Un an après Carnet du Sénégal (pays dont il a adopté la nationalité en 2002), Richard Bohringer a refait son apparition vendredi chez Arthaud avec Bouts Lambeaux…
Bout Lambeaux, le dernier opus de Richard Bohringer disponible en librairies depuis deux jours, est un ramassis de textes bruts, vifs, ciselés. On y retrouve l’homme blessé, révolté, lors de ses passages à l’hôpital. Ses souffrances. Ses espoirs. Une sorte de carnet de voyage de Paris au Sénégal, qui débute ainsi (d’aucuns le comparent à du slam) :
Il élimine coupeur de tête, la sienne, dans les couloirs sombres de l'hôpital, où les rats courent après le chariot de l'infirme, bouffeur de yaourt qui dégouline de morphine, poison lent qui veut lui bouffer la cervelle, avec des cauchemars d'architecte, des tours métalliques criant sous le vent, la pluie. L'homme gisant, peut-être déjà absent il veut de l'amour. Où sont mes enfants où sont-ils ? Au sous-sol derrière les poubelles, il grignote un quignon de pain. Le chariot a basculé, la roue a glissé sur la mayonnaise, les rats sont hilares, il est sauvé. A l'aube il marchait dans l'air froid du côté de la Motte-Picquet-Grenelle. Alors fallait réinventer la vie, ma vie. Qu'est-ce qui s'est passé. La vie à côté. Comme si les méandres pieuvre noire et frissonnante n'avaient aucune attirance pour la vie sage. Alors j'ai vécu ma tourmente cut l'enfance cut un matin je fus enfin le grand singe. J'ai muté. Il fallait bien pourtant vivre dans la multitude humaine. Je connais tous les arbres du monde. Aucun ne se ressemble. Les humains ont une chose en commun. Le meurtre de l'autre sans avoir besoin de l'aurore. J'enquête et lie ce que je sais de moi à ce que je devine en eux. Il était une fois avant d avoir traversé le miroir, avant d avoir revu les Anciens, dans le fond d'une case, avant d'avoir muté, il était face à l'avenue froide et silencieuse comme une soucoupe volante. J'ai demandé au toubib, perdu au milieu des chariots, des pompiers avec des coups de froid glacé, balancé par cette putain de porte électrique qui a fait péter sa boîte à raison cette nuit, et qui s'ouvre, qui se ferme sous les poussées des civières ensanglantées et des lumières qui tournent sur des uniformes et des rouges, et des bleus, dans un tragique ballet Playmobil, la voilà cette putain de nuit de l'humain perdu au milieu des humains. Ça faisait longtemps qu'il avait pas enjambé l'entrée du cabaret de la dernière chance avec des danseuses en blouse blanche funambule dans la nuit étoilée avec des souvenirs de petit enfant de marronniers en fleurs et de femme désaimante.

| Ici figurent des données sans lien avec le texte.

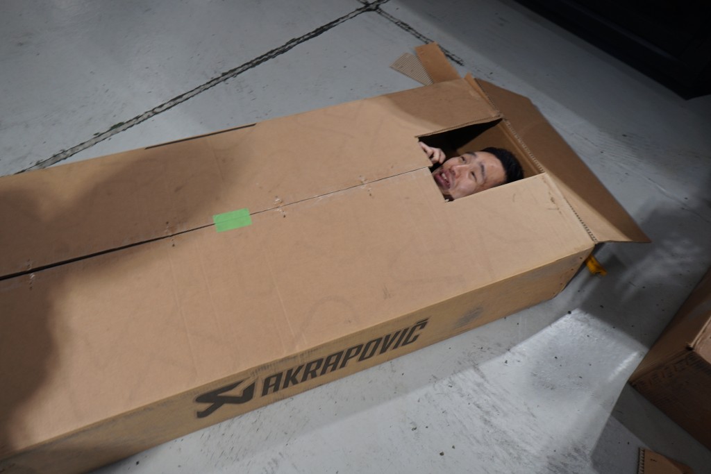 AKRAPOVIC お取付でございます!!!!!(写真は真面目なお仕事のお電話をダンボールの中でする石井さんでございます。カスタムや車検・整備のご相談は是非石井までご相談ください。)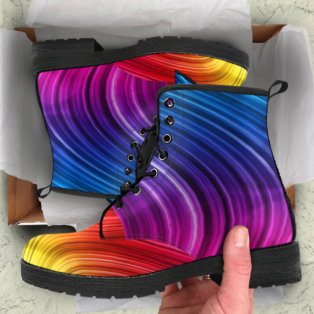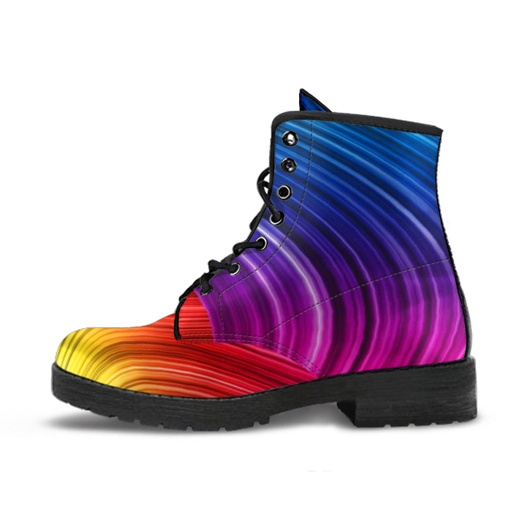 Step up your shoe game with our Rainbow Wave Women's Vegan Leather Shoes. These stylish shoes are made from vegan leather, so you can look good while feeling good about your impact on the planet. Perfect for any occasion, these shoes will add a pop of color and personality to any outfit.
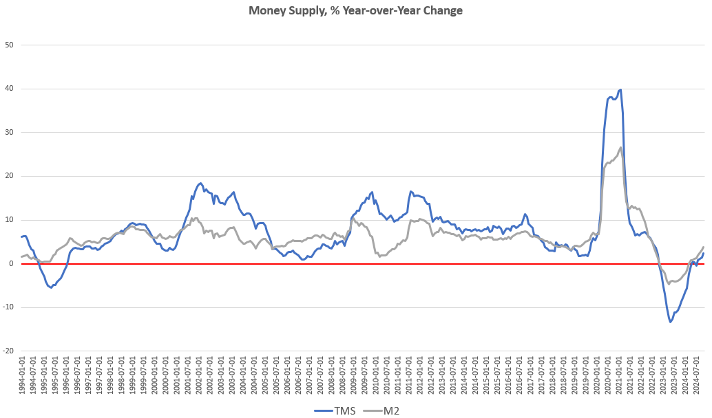In recent months, M2 growth rates have followed a similar course to TMS growth rates, although M2 is growing faster than TMS. In November, the M2 growth rate was 3.73 percent. That’s up from October’s growth rate of 3.13 percent. November’s growth rate was also up from November 2023’s rate of negative 3.27 percent. Month over month, M2 increased by 0.94 percent from October to November. That’s the largest month-to-month growth rate in nine months.

L’occasion pour le lecteur d’y retrouver en bonus le CD du film mal distribué C’est beau une ville la nuit, tourné en grande partie à Ménilmontant, et d’y revoir Farid Chopel, notre ancien voisin décédé le mois dernier.
Bouts Lambeaux, 144 pages, format 14x21 cm
Richard Bohringer, Arthaud éditeur
ISBN : 978-2-7003-0158-8, 18 € TTC prix France
Actuellement en promotion en Aquitaine (salon du livre d'Arcachon), Richard Bohringer sera l’invité mardi 20 mai de Philippe Gildas sur la chaîne Vivolta (Gildas & Co, diffusé à 8h45, 12h, 18h30 et 22h30) et le mercredi 21 mai l’invité de « La Compil », de 21h à 22h, sur France Bleu (présentation : Evelyne Adams).